# Großes Problem mit Windows 10 Installation und Gigabyte Mainboards sowie Intel G3258 - Problem  gefunden



## Brokoli1 (28. Juli 2015)

*Großes Problem mit Windows 10 Installation und Gigabyte Mainboards sowie Intel G3258 - Problem  gefunden*

Guten Abend,

ich möchte auf ein Problem aufmerksam machen, welches ich jetzt vermehrt nachvollziehen konnte. Es geht dabei um die Windows 10 Installation. Dieses Problem bezieht sich sowohl auf den Upgrade-Prozess aus Windows heraus, als auch um die Clean-Install via Windows 10-DVD. (Windows 10 RTM_10240.16384.150709)

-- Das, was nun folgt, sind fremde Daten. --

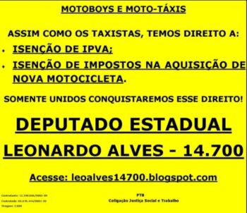 - Isenção de Impostos para os Motoboys e Moto-taxistas. Se analisarmos, o serviço do Motoboy se transformou de utilidade pública. Se não existisse esse profissional, como seriam as entregas das farmácias, restaurantes, lanchonetes, etc? O profissional da moto veio para ficar, portanto precisa se unir para garantir seus direitos e regulamentação. Defendo que, assim como os taxistas, os motoboys tenham: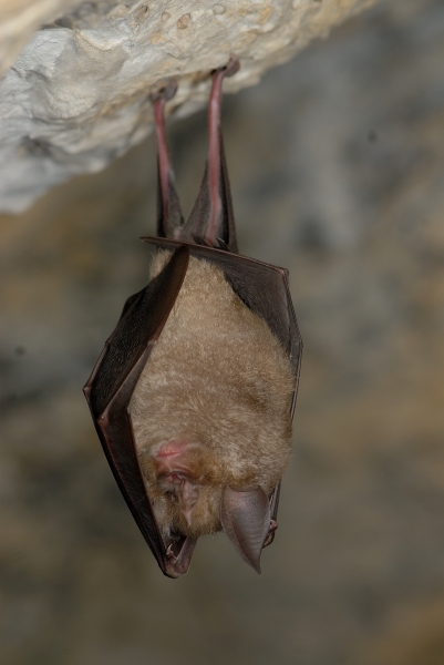 | Ecologie : | Régime alimentaire : Principalement des lépidoptères hétérocères (Noctuidae, Geometridae) mais aussi des diptères (surtout Tipulidae) et coléoptères (Scaraboidea : Melolontha, Geotrupes, Aphodius) et quelques neuroptères (Hemerobiidae, Chrysopidae) ; quelques Arachnidae et Syrphidae ; trichoptères, hyménoptères Ichneumonidae (d'après Jones 1990, Pir 1994, Beck 1995) Comportement de recherche de nourriture : chasse au perchoir (fly-catching, perch-hunting) et glanage au sol Habitat de reproduction : Au cours de la bonne saison, les individus cherchent des gîtes au micro-climat chaud (> à 25°C), sombres, sans courant d'air et leur assurant une quiétude parfaite. Les femelles gravides s'y rassemblent, les mâles adultes s'y abritent isolément. A notre latitude, on ne connaît quasi pas de gîte de reproduction ou d'estivage sous terre. Les combles des bâtiments (fermes, églises, ...) sont colonisés. Le grand rhinolophe a besoin de gîtes volumineux (plus de 100 m3) qu'il peut atteindre en vol direct et dans lesquels il peut évoluer facilement. Il peut parfois occuper des caves chauffées. Terrain de chasse : Il chasse dans les boisements clairs, le long des falaises, des alignements d'arbres, des lisières des forêts de feuillus ou des grandes haies qui délimitent les pâtures, aux bords des eaux stagnantes et courantes ou dans les parcs et jardins. Habitat d'hivernage : C'est une espèce frileuse. Elle va établir ses quartiers d'hiver dans des sites souterrains naturels (grottes) ou artificiels (mines, galeries, glacières, tunnels, celliers, caves) où la température ambiante est stable et se situe entre 7 et 11°C. Le degré hygrométrique doit être proche de la saturation. Elle est extrêmement sensible aux dérangements. L'accès au gîte doit se faire en vol. Sa fidélité au gîte est très grande. |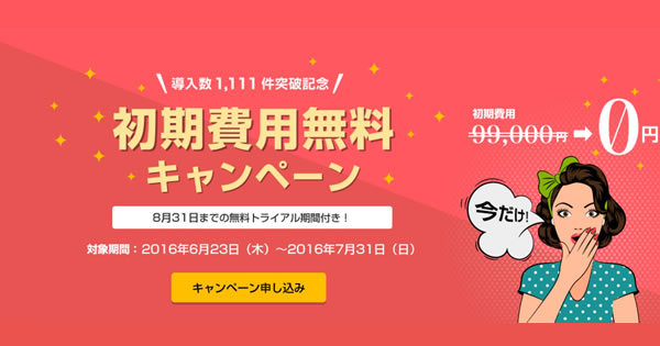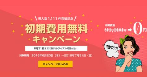 6月23日より1,111アカウント突破を記念して、初期費用無料キャンペーンを実施致します。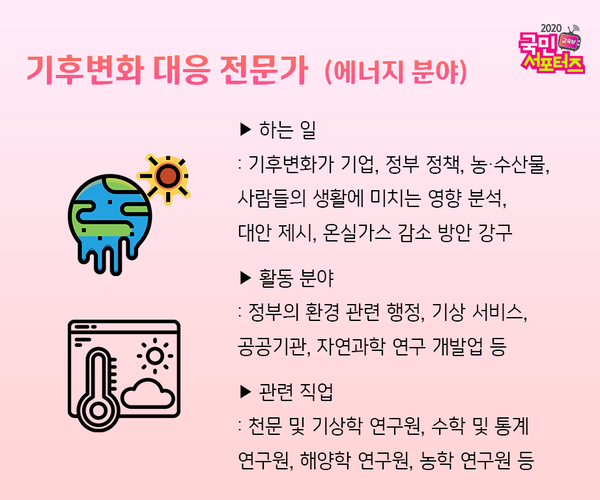 : 천문 및 기상학 연구원, 수학 및 통계 연구원, 해양학 연구원, 농학 연구원 등의 직업과 관련성이 높으며, 기후변화 대응 전문가는 수학과 통계, 물리, 생물학, 지리학 등 다양한 분야의 전문가들의 도움을 받아 기후변화를 분석해야 합니다.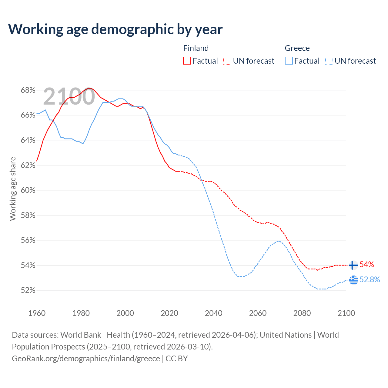 - Finland has 3.46M working age adults (aged 15-64) vs 6.4M in Greece.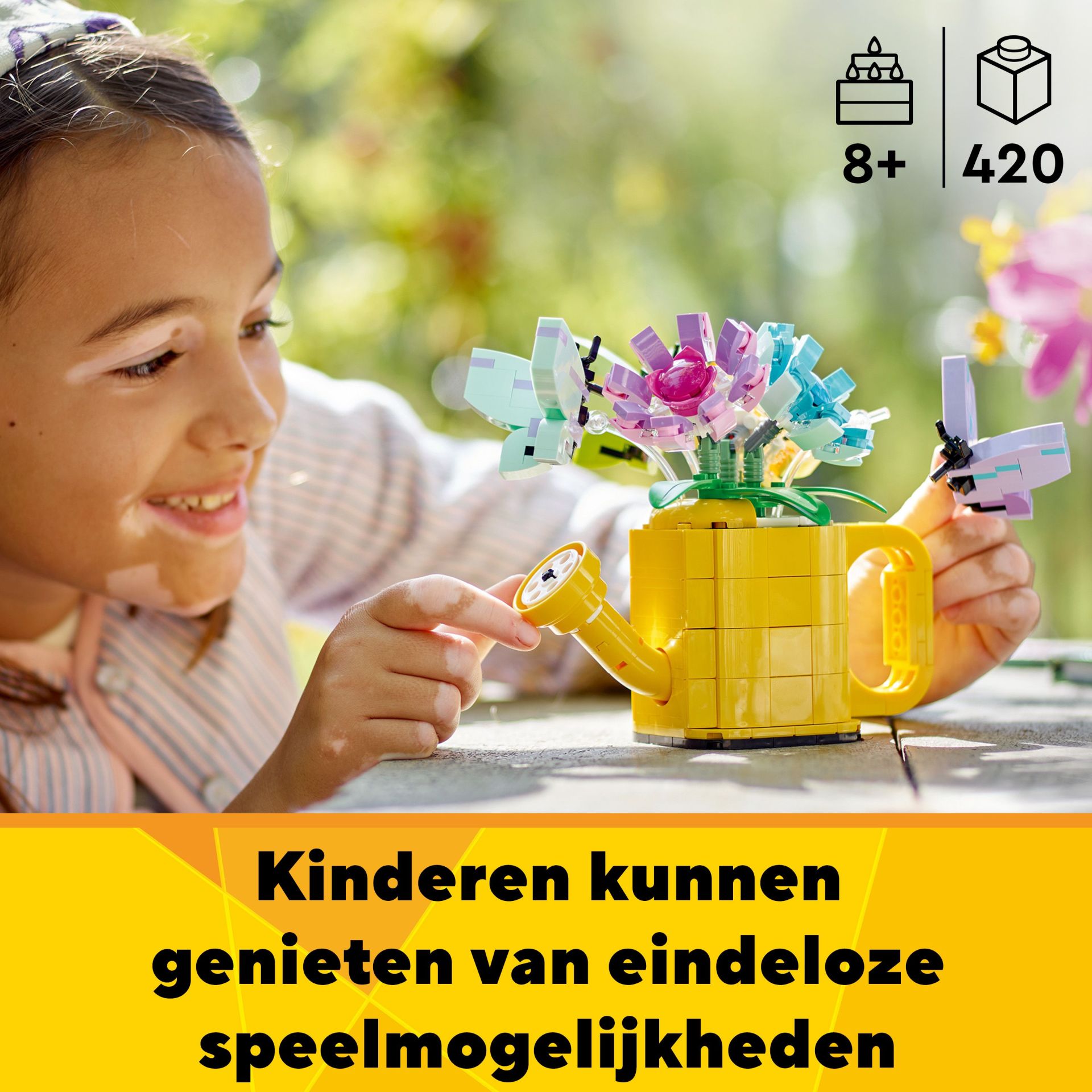 Bouwen en herbouwen, spelen en neerzetten: het kan allemaal met deze LEGO Creator 3in1 Bloemen in gieter (31149) set met 3 kleurrijke modellen geïnspireerd op de natuur. De 3in1 set bestaat uit een bouwbare gele speelgoed gieter met een handvat en een tuit, gevuld met 3 LEGO bloemen met beweegbare bloemblaadjes en 3 speelgoed vlinders op transparante stokjes zodat het lijkt alsof ze vliegen.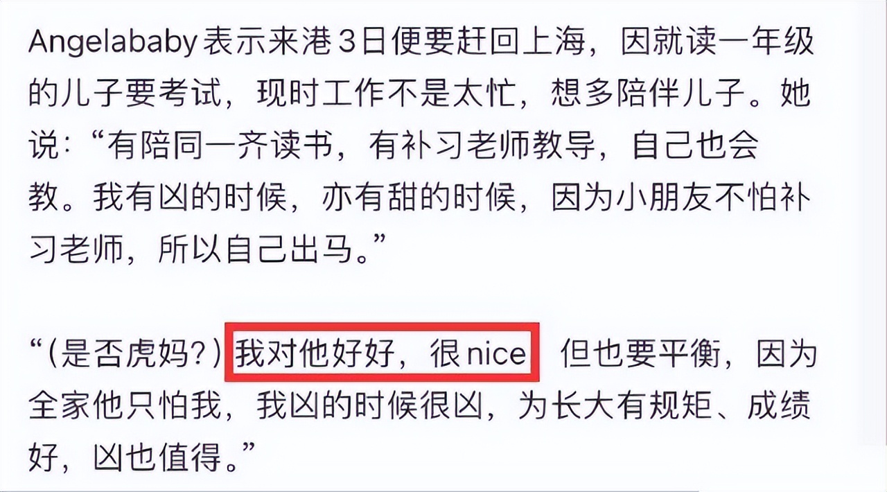 言外之意,小海绵只有杨颖能够“管得住”他。不过,杨颖表示自己凶的时候很凶,为了儿子长大有规矩、成绩好,凶也值得。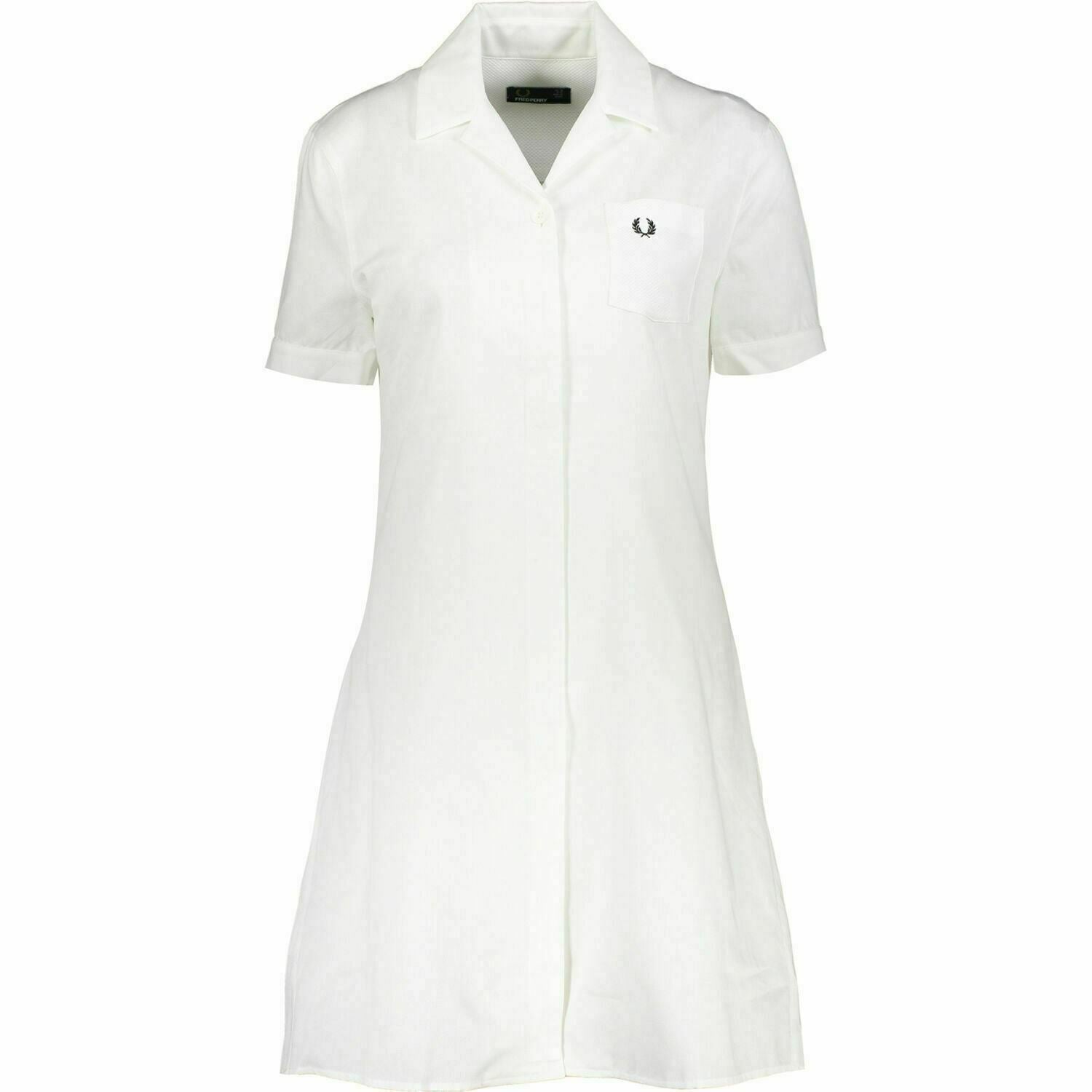 FRED PERRY Women's White Collared Pleated Back Dress, White, size UK 10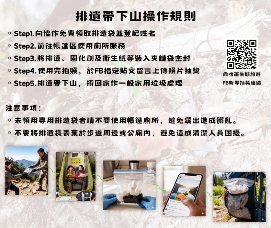 公私協力推動無痕山林 霞喀羅國家步道「排遺帶下山」五步二不要!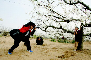 18日,在莱阳照旺庄镇西陶漳村梨园,几位摄影爱好者给一位美女留下与洁白梨花的合影。当日,莱阳梨花节启幕,万亩梨花似白雪的景象吸引了来自青岛、烟台等地的赏花客前来。同时,以西陶漳梨园为主题的“情系我梨乡,最美西陶漳”摄影大赛正式启动。 本报记者 赵金阳 摄影报道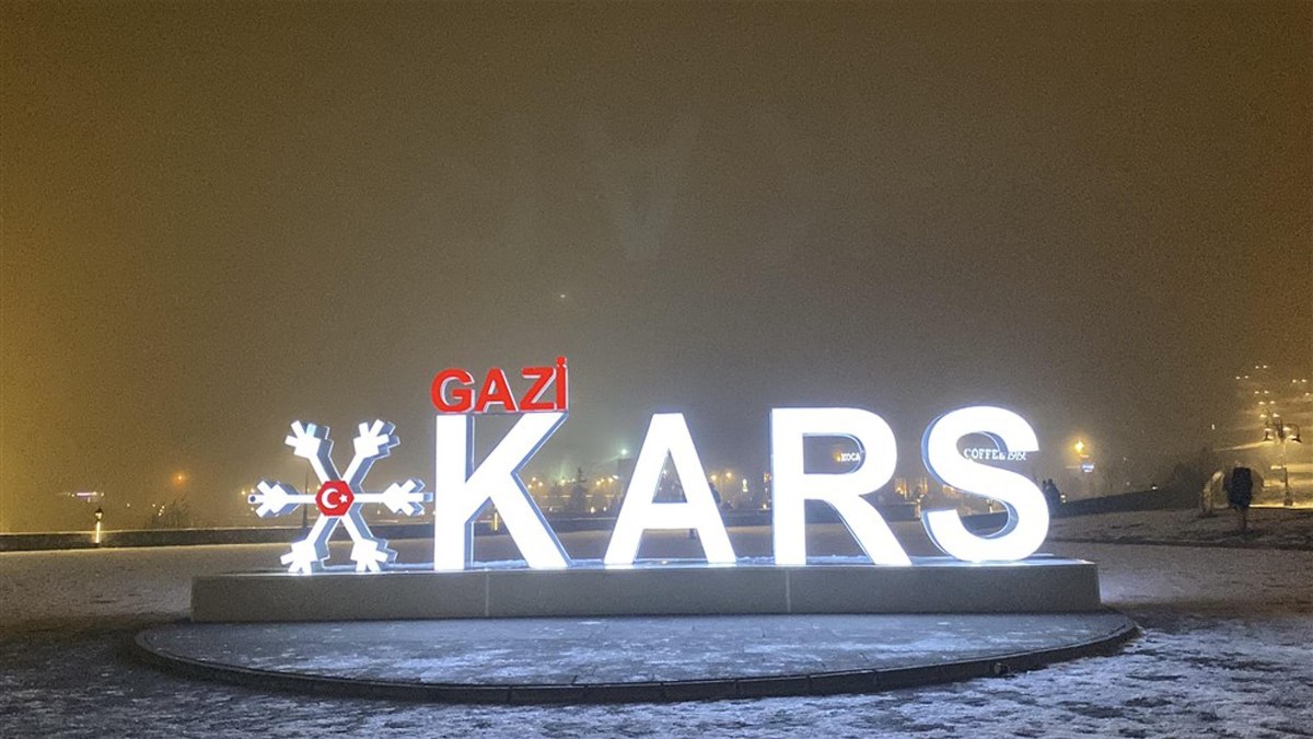Gazi Kars Bedesten bölgesindeki ‘Kars’ yazısı önünde hatıra fotoğrafı çektirenler, sis nedeniyle Kars Kalesi gözükmeyince hayal kırıklığı yaşadı. Sis gece uzunluğu devam etti.

Folgendes Problem tritt bei folgenden Boards auf: H81M-S2H, B85M-D2V; Alle haben das neuste UEFI und wurden auch schon  zurückgesetzt; Installation wurde im UEFi- und Legacy Mode mit und ohne Secure Boot und CSM getestet
*
Windows Upgrade:*
Windows 8.1 ist installiert, mit allen aktuellen Treibern samt GWX-Task. Nun wird via DVD oder Stick die Windows 10 Installation aus Windows 8.1 heraus gestartet. Der Prozess läuft durch, bis zum 1. Neustart. Der Bootvorgang bleibt hängen. Nach einem Kaltstart wird nicht der Windows 10 Upgrade-Prozess gestartet, sondern Windows 8.1 mit dem Hinweis, dass das Upgrade fehlgeschlagen sei.  Originale Fehlermeldung: *"0x1900101-0x20017 The installation failed in SAFE_OS phase with an error"*
Dieser Vorgang wurde oftmals wiederholt, auch auf einem anderen PC mit einem anderen Gigabyte Board. Bei einem MSI Board tritt der Fehler nicht auf und das Upgrade läuft ohne Probleme durch. Auch eine Neuinstallation von Windows 8.1 ohne Programme etc. brachte nichts.

*Windows-Clean_Install*
Die Systemplatte (SSD) ist leer, es wird sowohl im UEFI_mode als auch im legacy-Mode von der Windows 10 Iso gebotet. Die Abfrage "Drücken Sie eine beliebige Taste um die Windows Installation zu starten" erscheint und die DVD wird gelesen. Dann verliert der Monitor sein Signal und der PC startet neu. Das ganze ist eine Endlosschleife. Windows 8.1 wird direkt ohne Probleme gestartet. Auch dieses Problem tritt bei beiden Mainboards auf. An anderen PCs ließ sich das Setup ohne Probleme starten. Im UEFI wurden zig Kombinationen eingestellt, aber es gab keine Lösung.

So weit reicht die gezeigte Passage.